Audience 3: Hi. I work for the New York City Department of Education. And we've actually been using your articles to teach students about algorithmic bias—
Angwin: Oh yay!
Audience 3: —so thank you for writing such important journalism that our students can use. But I was curious, how might we think about empowering the next generation of students to make ethical decisions? Some of this can feel a little bit hopeless when you see some of it, and how do we make them feel empowered?
Angwin: Oh, I love that question, because I am a strangely hopeful person despite my weird job of doing only unhopeful things. And so I do believe you know… Like, the criminal risk score algorithm is a good example. If they they fixed… So, after our story came out, a bunch of mathematicians and computer scientists came out with all these papers studying our our data set and coming up with some theoretical conclusions. And essentially, they all said you know, you could fix this algorithm if you were to balance the error rates. Like if you were to choose to optimize your algorithm to balance the error rates— They've chosen to optimize it another way, which is for predictive accuracy. So meaning it's "correct" in its predictions 60% of the time for both black and white defendants.
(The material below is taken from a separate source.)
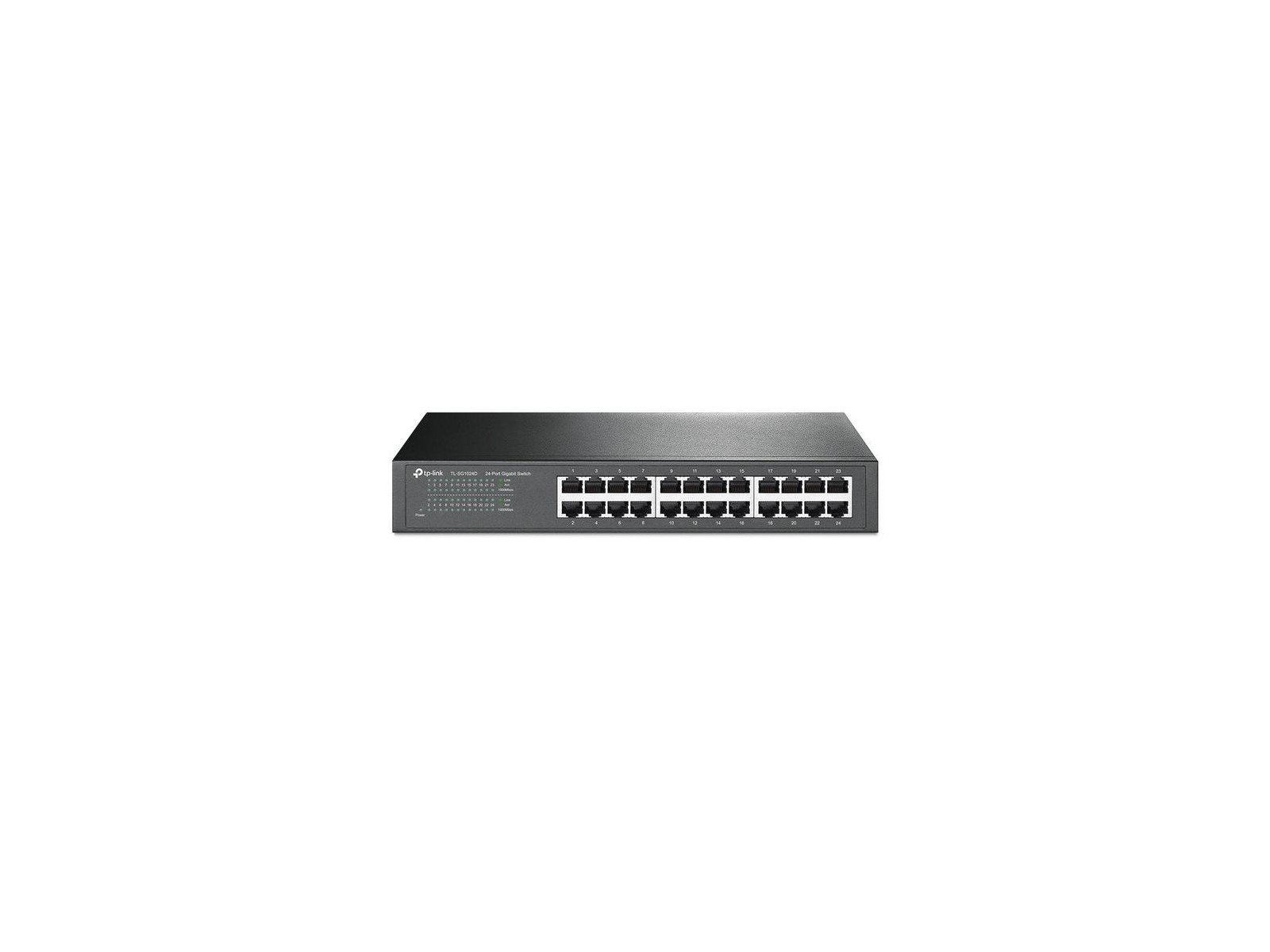 TL-SG1024D Omada 24-port, Gigabit Ethernet, Full-Duplex, Auto MDI/MDIX 768164 FCC, CE, RoHS 24-port, Gigabit Ethernet, Full-Duplex, Auto MDI/MDIX The TL-SG1024D 24-Port Gigabit desktop/rack-mount switch provides an easy way to make the transition to Gigabit Ethernet. All 24 ports support auto MDI/MDIX, no need to worry about the cable type, simply plug and play. Moreover, with the innovative energy-efficient technology, the TL-SG1024D can save up to 20%* of the power consumption, making it an eco-friendly solution for your business network. Gigabit Switch Featured with 24 10/100/1000Mbps ports, TL-SG1024D greatly expands your network capacity, enabling instant large files transferring. So,power users in the home, office, workgroup, or creative production environment can now move large, bandwidth-intensive files faster. Transfer - graphics, CGI, CAD, or multimedia files across the network instantly. GO GREEN WITH YOUR ETHERNET You now have the choice to go green when upgrading to a gigabit network! This new generation TL-SG1024D 24-Port Gigabit desktop/rack-mount Switch features the latest innovative energy-efficient technologies that can greatly expand your network capacity with much less power. It automatically adjusts power consumption according to the link status and cable length to limit the carbon footprint of your network. Power down Idle Ports When a computer or network equipment is off, the corresponding port of a traditional switch will continue to consume considerable amounts of power. The TL-SG1024D can automatically detect the link status of each port and reduce the power consumption of ports that are idle. Power Budget According to Cable Length Ideally, shorter cables would use less power because of less power degradation over their length, this is not the case with most devices as they will use the same amount of power across the cable regardless of whether it is 10 or 50 meters in length. The TL-SG1024D analyzes the length of the Ethernet cable connected and adjusts the power usage accordingly, rather than keeping the power consumption in a conventional solution. Easy to Use The auto features of this gigabit switch make installation plug and play and hassle-free. No configuring is required. Auto MDI/MDIX eliminates the need for crossover cables. Auto-negotiation on each port senses the link speed of a network device (either 10, 100 Mbps or 1000 Mbps) and intelligently adjusts for compatibility and optimal performance. Features - Innovative energy-efficient technology saves power up to 20%; - Supports IEEE 802.3x flow control for Full Duplex mode and backpressure for Half Duplex mode; - Non-blocking switching architecture that forwards and filters packets at full wire-speed for maximum throughput; - 48Gbps Switching Capacity; - 10K Jumbo frame improves performance of large data transfers; - Auto-MDI/MDIX eliminates the need for crossover cables; - Supports MAC address auto-learning and auto-aging; - Store and forward Switching scheme; - Auto-negotiation ports provide smart integration between 10Mbps, 100Mbps and 1000Mbps hardware; - Desktop and Rack-mountable design; - Plug and Play design simplifies installation.

But, when it's wrong it's wrong in this completely disparate way, right. So you could actually fix it that way, and all that would happen—the only "bad" outcome—was the algorithm would be more accurate for black defendants than white. Which makes sense because there's actually more black defendants in our criminal justice system.
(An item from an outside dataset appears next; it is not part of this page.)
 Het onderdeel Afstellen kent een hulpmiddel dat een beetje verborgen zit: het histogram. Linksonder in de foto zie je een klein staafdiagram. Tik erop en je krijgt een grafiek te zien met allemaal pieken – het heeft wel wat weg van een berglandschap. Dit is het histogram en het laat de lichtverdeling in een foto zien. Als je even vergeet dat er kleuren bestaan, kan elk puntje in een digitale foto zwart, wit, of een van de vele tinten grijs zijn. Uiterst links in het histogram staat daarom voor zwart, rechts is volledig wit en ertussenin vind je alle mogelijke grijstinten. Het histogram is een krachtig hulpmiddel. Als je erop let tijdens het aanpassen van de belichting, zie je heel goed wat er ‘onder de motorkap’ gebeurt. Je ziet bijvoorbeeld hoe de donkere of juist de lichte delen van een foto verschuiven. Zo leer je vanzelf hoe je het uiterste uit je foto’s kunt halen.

So, what's weird is there is a hopeful outcome, right. There's like something you could do. Now, I would also, though, like to step back and say I'm not entirely sure we should be predicting anyone's criminality in the future. I can't even predict my husband and I've been married to him for a very long time. It's like predicting human behavior, like, we can't even get our maps to get us to the right place most of the time. So is this really where we want to bring computers to bear, is predicting human behavior? I feel like this is maybe like a future thing that we're not going to be so good at, yet.
But I do think that algorithms are going to be better than people, right. In a lot of ways. But we have to learn how to hold them accountable, and we have to build systems around that. I'm perfectly sure that a car is going to drive better than me. I'm a pretty bad driver, right? So I feel like there is— I don't want to be a Luddite about it, I just want to say we need systems of oversight and accountability before we can move forward, because otherwise it really will be the Wild West.